(Records excerpted from a collection)
- Opening Delimiter -
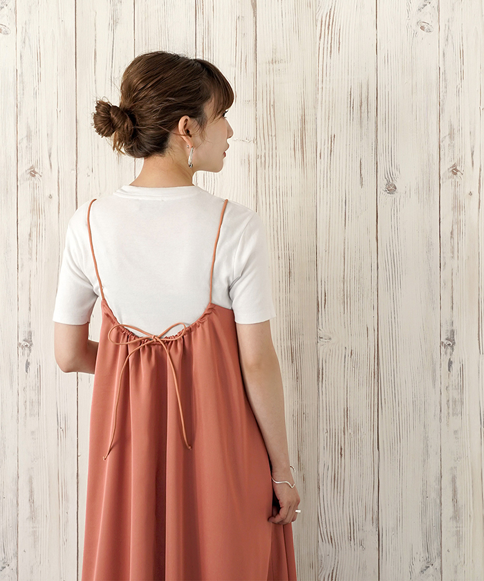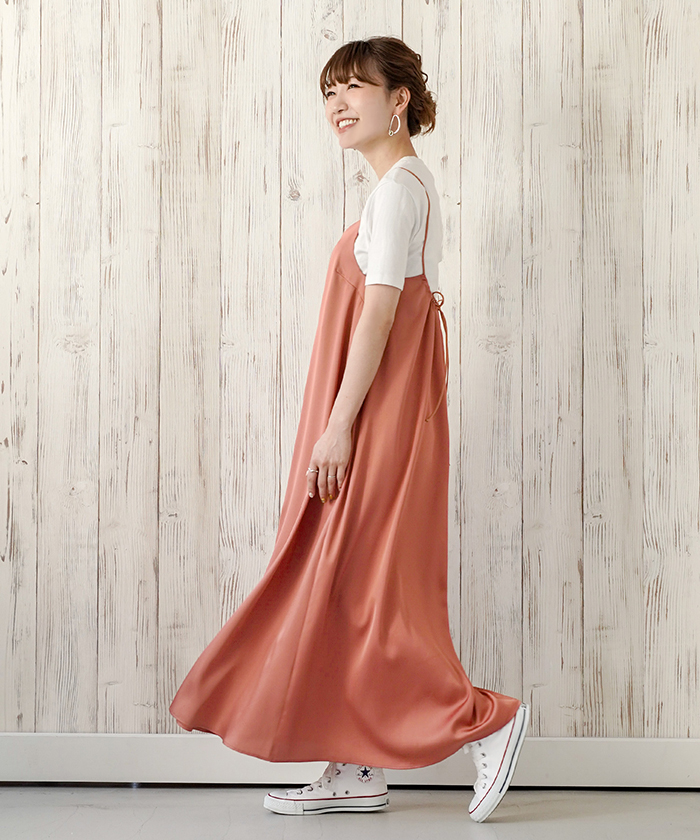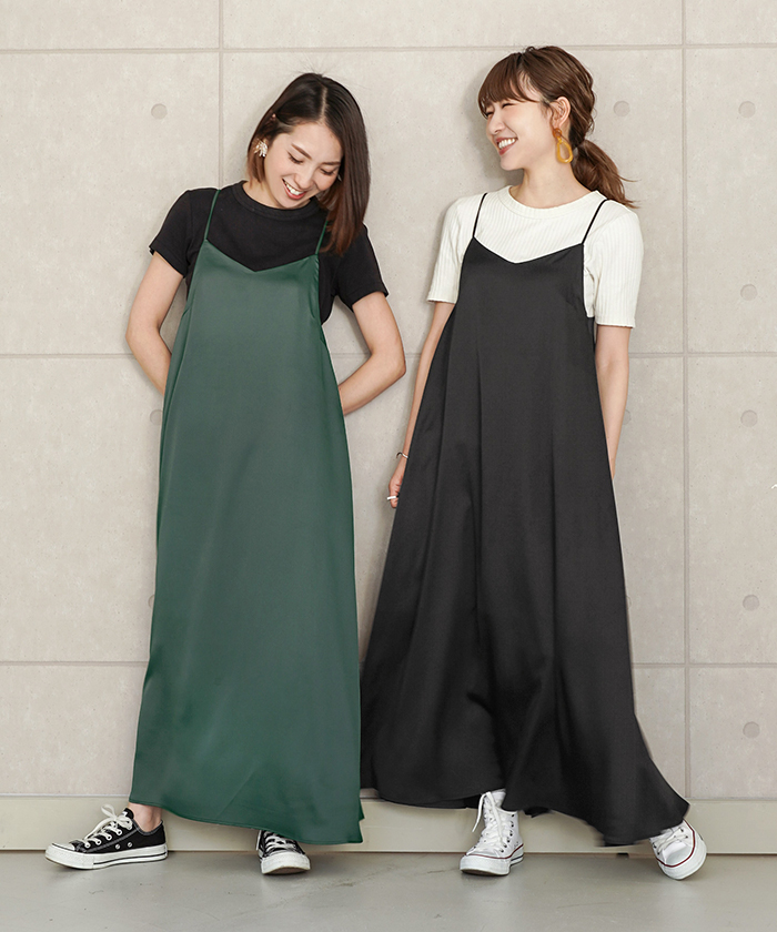 インナー次第でオールシーズン着られるサテン地のキャミワンピース。
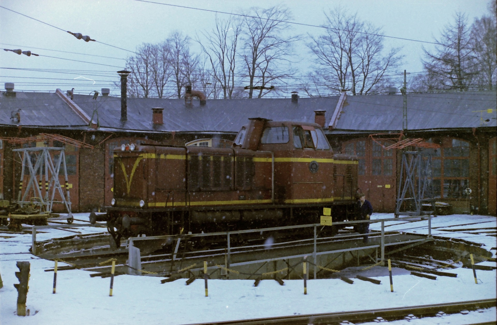 Det är år 1974 och vi ser ett V3-lok på vändskivan i Borås. Bilden tog jag med min gamla Instamatic-kamera.
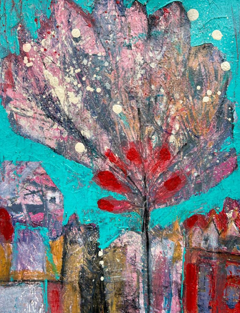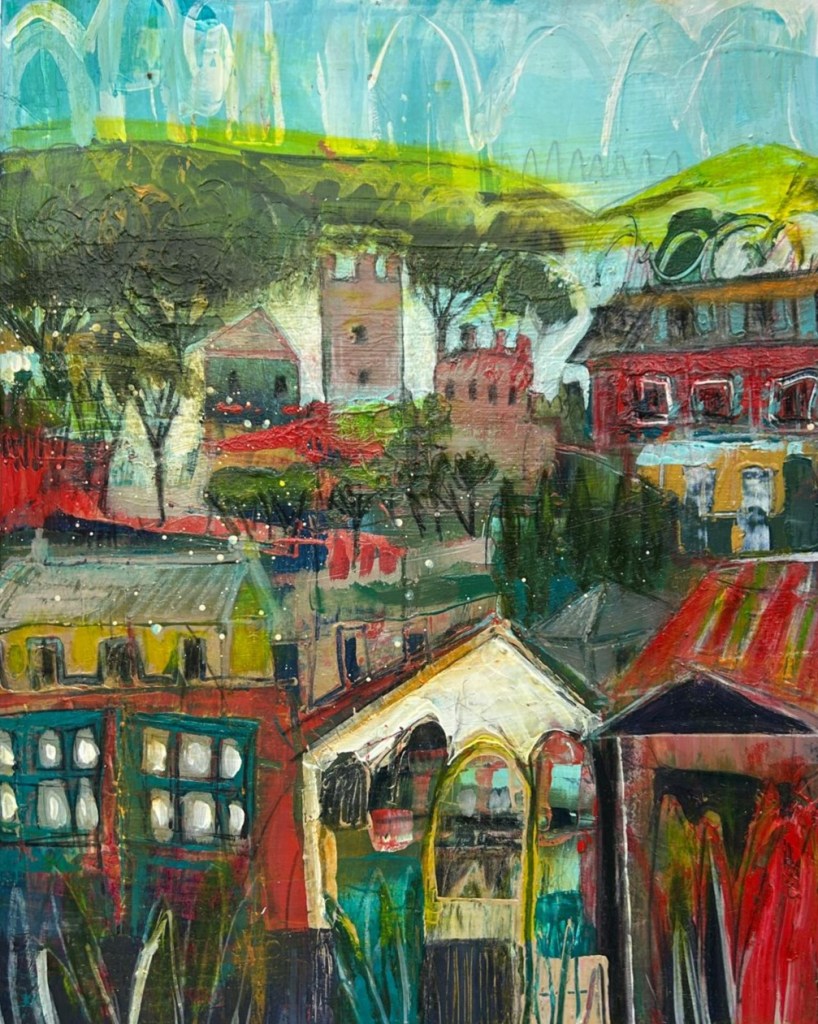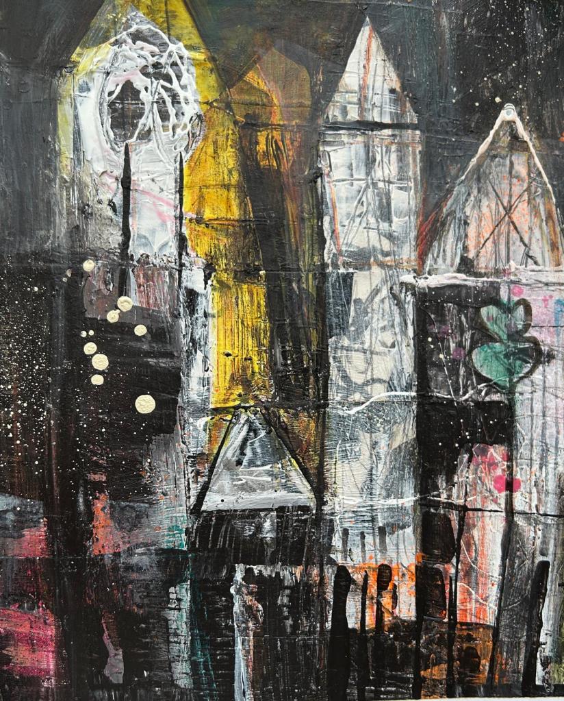 This collection explores the geometry and rhythm of rooftops and houses, where shapes and angles intertwine, overlap, and float. Forms capture the essence of dwellings, as memories, impressions, and fragments of space. Here, the familiar becomes unfamiliar, inviting the viewer to wander through a landscape of forms, lines, and colours.
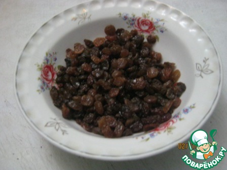 Изюм промыть. Если мы готовим только для взрослых добавте в изюм 2 столовые ложки красного вина.
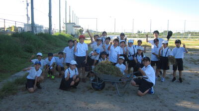 手間暇かかりますが、確実にきれいになってきています。進んでお手伝いをしてくれている子どもたちも知恵やコツをつかみ、自ら軍手を用意してきたり、細い棒を使って根っこを掘り起こしたりして手伝ってくれます。
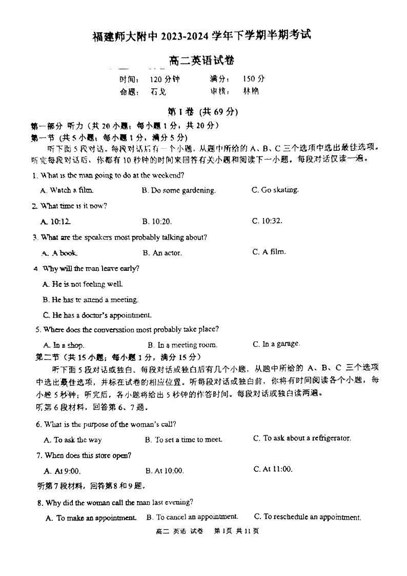 福建省师范大学附属中学2023-2024学年高二下学期期中考试英语+答案
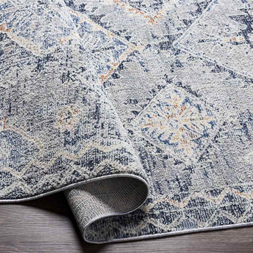 Designed to withstand the rigors of daily foot traffic, the Allen Traditional Navy Area Rug retains its elegance through continual use. The durable polyester fibers are specifically chosen for their resistance to wear and fading, making this rug a practical choice for spaces like living rooms, dining areas, and bedrooms. Its medium pile height offers a plush feeling underfoot, ensuring a comfortable yet durable surface.
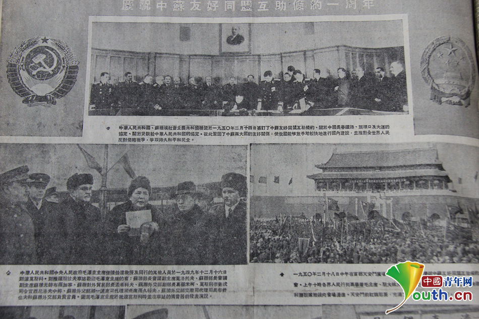 1951年春节期间刊登的《庆祝中苏友好同盟互助条约一周年》组图报道。中国青年网通讯员 王燕新摄
- Closing Delimiter -
What you will do: Your task is to set down each line above verbatim while excluding the pictures.

Written solution:
 インナー次第でオールシーズン着られるサテン地のキャミワンピース。
 Det är år 1974 och vi ser ett V3-lok på vändskivan i Borås. Bilden tog jag med min gamla Instamatic-kamera.
 This collection explores the geometry and rhythm of rooftops and houses, where shapes and angles intertwine, overlap, and float. Forms capture the essence of dwellings, as memories, impressions, and fragments of space. Here, the familiar becomes unfamiliar, inviting the viewer to wander through a landscape of forms, lines, and colours.
 Изюм промыть. Если мы готовим только для взрослых добавте в изюм 2 столовые ложки красного вина.
 手間暇かかりますが、確実にきれいになってきています。進んでお手伝いをしてくれている子どもたちも知恵やコツをつかみ、自ら軍手を用意してきたり、細い棒を使って根っこを掘り起こしたりして手伝ってくれます。
 福建省师范大学附属中学2023-2024学年高二下学期期中考试英语+答案
 Designed to withstand the rigors of daily foot traffic, the Allen Traditional Navy Area Rug retains its elegance through continual use. The durable polyester fibers are specifically chosen for their resistance to wear and fading, making this rug a practical choice for spaces like living rooms, dining areas, and bedrooms. Its medium pile height offers a plush feeling underfoot, ensuring a comfortable yet durable surface.
 1951年春节期间刊登的《庆祝中苏友好同盟互助条约一周年》组图报道。中国青年网通讯员 王燕新摄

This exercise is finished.